[What you will do] Once the pictures are removed, reproduce what is left of the data below exactly.

[Dataset excerpt]
============

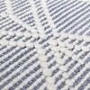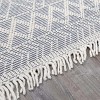 About:This hand-woven wool and cotton rug features a sophisticated trellis pattern, offering a blend of traditional charm and contemporary elegance. The high-low texture of the rug adds a unique tactile element, enhancing its visual appeal and comfort underfoot. Adorned with tasteful tassels, this rug brings a classic yet modern touch to any room. Its combination of wool and cotton materials ensures durability while providing a soft, inviting surface, making it a luxurious and practical choice for any living space.Collection:DerrimutColors:Ivory, DenimConstruction:Hand WovenMaterial:60% Cotton / 40% NZ WoolPile:No PileStyles:Transitional,TraditionalMade In:IndiaThickness:0.47"Fringe Length:2"
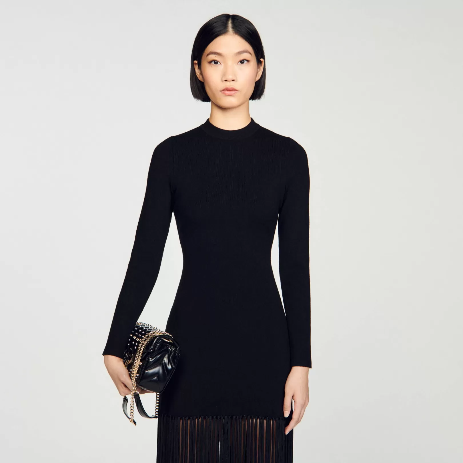 DescriptionKnitted maxi dress with round neck and long sleeves, embellished with fringes at the bottom. Sandro Women’s knit maxi dress Figure-hugging Round neck Long sleeves Fringed hem The model is…
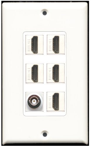 RiteAV - 5 Port HDMI 1 BNC Wall Plate White
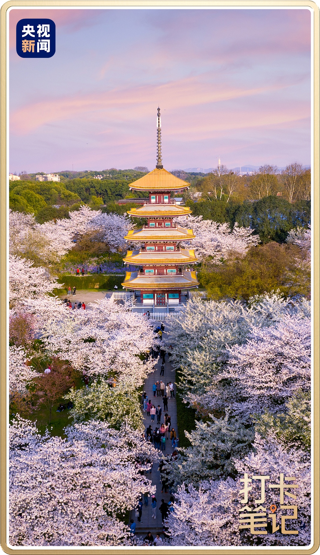 △东湖樱园有万余株樱花,是“世界三大樱园”之一。地标五重塔被樱花层层包围,樱花飘落时,如梦似幻。

============

[Answer section]
 About:This hand-woven wool and cotton rug features a sophisticated trellis pattern, offering a blend of traditional charm and contemporary elegance. The high-low texture of the rug adds a unique tactile element, enhancing its visual appeal and comfort underfoot. Adorned with tasteful tassels, this rug brings a classic yet modern touch to any room. Its combination of wool and cotton materials ensures durability while providing a soft, inviting surface, making it a luxurious and practical choice for any living space.Collection:DerrimutColors:Ivory, DenimConstruction:Hand WovenMaterial:60% Cotton / 40% NZ WoolPile:No PileStyles:Transitional,TraditionalMade In:IndiaThickness:0.47"Fringe Length:2"
 DescriptionKnitted maxi dress with round neck and long sleeves, embellished with fringes at the bottom. Sandro Women’s knit maxi dress Figure-hugging Round neck Long sleeves Fringed hem The model is…
 RiteAV - 5 Port HDMI 1 BNC Wall Plate White
 △东湖樱园有万余株樱花,是“世界三大樱园”之一。地标五重塔被樱花层层包围,樱花飘落时,如梦似幻。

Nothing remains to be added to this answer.